参加申請をするだけしておいてその後放置したままのbookグループの日記を漸く始めました。id:rushtetsu:20050125#p4のご指摘はご尤もではありますが、そのあたりの解決法も同時に探りながらしばらくは続けてみるつもりです。
言及した本の情報はこちらにも記すことにします。今回のはこれ。

世界最速のF1タイヤ ブリヂストン・エンジニアの闘い(浜島裕英,新潮新書) - 大和但馬屋読書日記 - bookグループ

世界最速のF1タイヤ―ブリヂストン・エンジニアの闘い (新潮新書)

世界最速のF1タイヤ―ブリヂストン・エンジニアの闘い (新潮新書)

ブリヂストンF1部隊の指揮官であり、現時点でミハエル・シューマッハーの最も厚い信頼を受ける日本人、「ハミー」こと浜島氏の自伝的エッセイ。
現役レースエンジニアが書いた本なので、具体的な記述は注意深く取り除かれて、漠然とした話に終始する。まるでどこかのF1雑誌に連載されたコラムを取り纏めた様な内容で、内容としては相当に軽い。

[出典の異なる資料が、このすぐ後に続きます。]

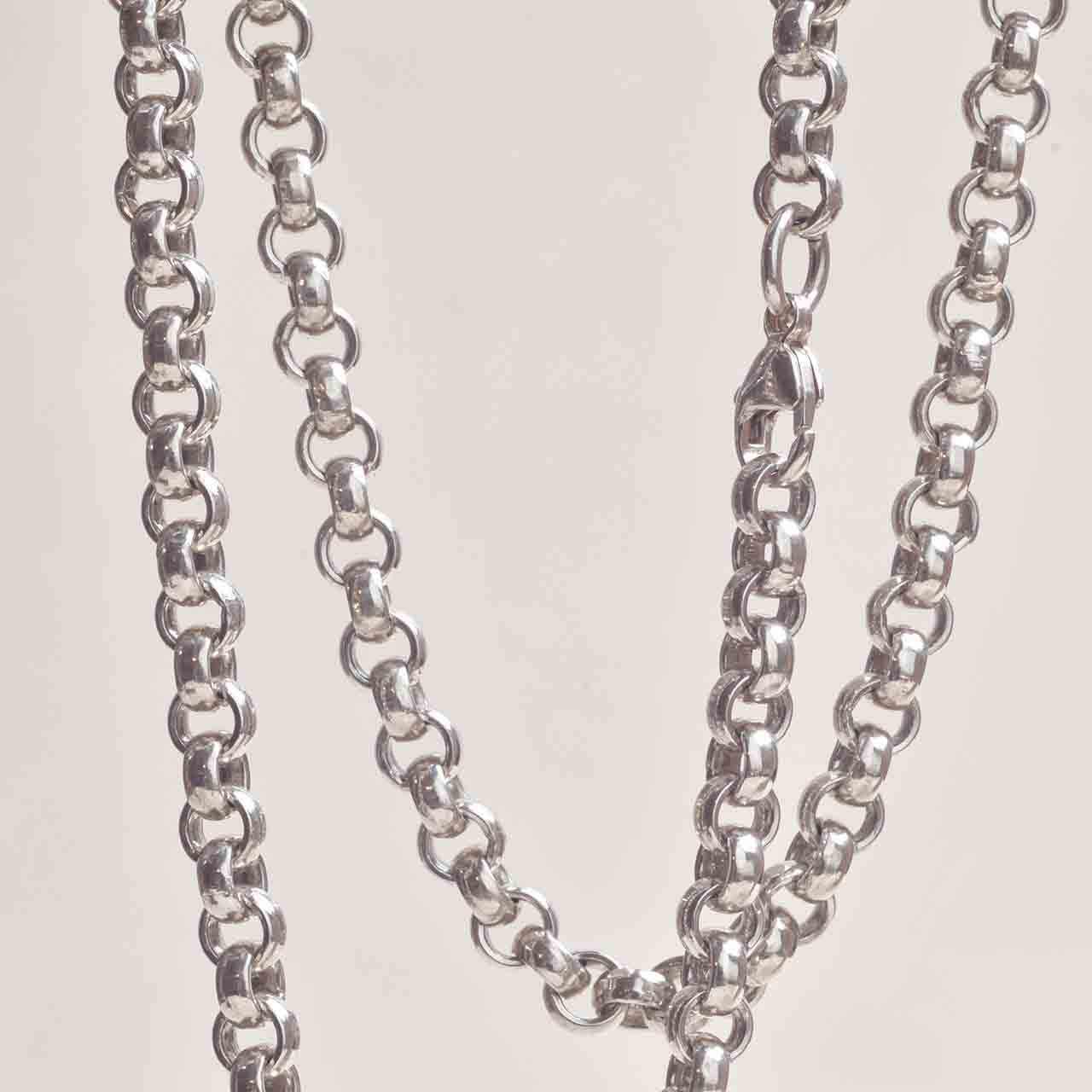 Coarse, heavy pea link chain in 925 sterling silver. Length 52.5 cm. Only 1 piece available. Shown here together with the pendant Astrid with hammered surface. Note: if you buy a pendant as well, the pendant must have a larger loop, for example like the pendants Astrid or Clara/Josephine. Please contact us if you want to buy a different pendant, and we will adjust the loop to fit the chain.
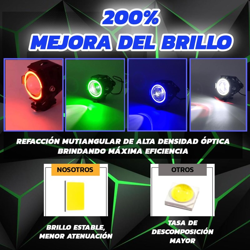 【Iluminación Potente y Estilo Impactante】Diseñados para proporcionar una iluminación potente y un estilo impactante, estos faros no solo destacan tu moto, sino que también mejoran tu seguridad durante la conducción nocturna. En todos los casos la luz primaria es blanca y tienen un led rojo en el interior del foco que es el ojo de demonio. Las variantes en los colores se encuentran en los aros del foco que pueden ser blanco, rojo o azul.
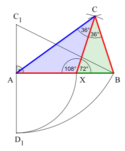 Die oben beschriebene Zerlegung von in die Teildreiecke und liefert beide Formen des Goldenen Dreiecks. Beide Formen treten also stets gemeinsam auf.[10] Sie ergeben sich regelmäßig bei der Konstruktion mit Zirkel und Lineal von regulärem Fünfeck und regulärem Zehneck. Die Winkel , und sind also allein mit Zirkel und Lineal konstruierbar.[11]
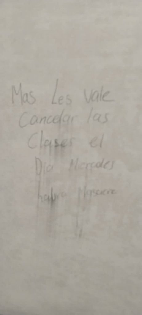 “Más les vale cancelar las clases el día miércoles, habrá masacre”, decía el mensaje encontrado en el plantel ubicado en Residencial San Marcos.

故に、F1入門書としては悪くない気もする。
個人的には、近年のブリヂストンが事実上フェラーリとしか組まないことにもどかしさと苛立ちを感じざるを得ないが、この本を読むとそのことについてブリヂストンにも多少の言分があることは理解した。
今シーズンの開幕以来ブリヂストンがライバル勢に対し惨敗中の今こそが、この本を読むためのある意味ベストなタイミングなのかもしれない。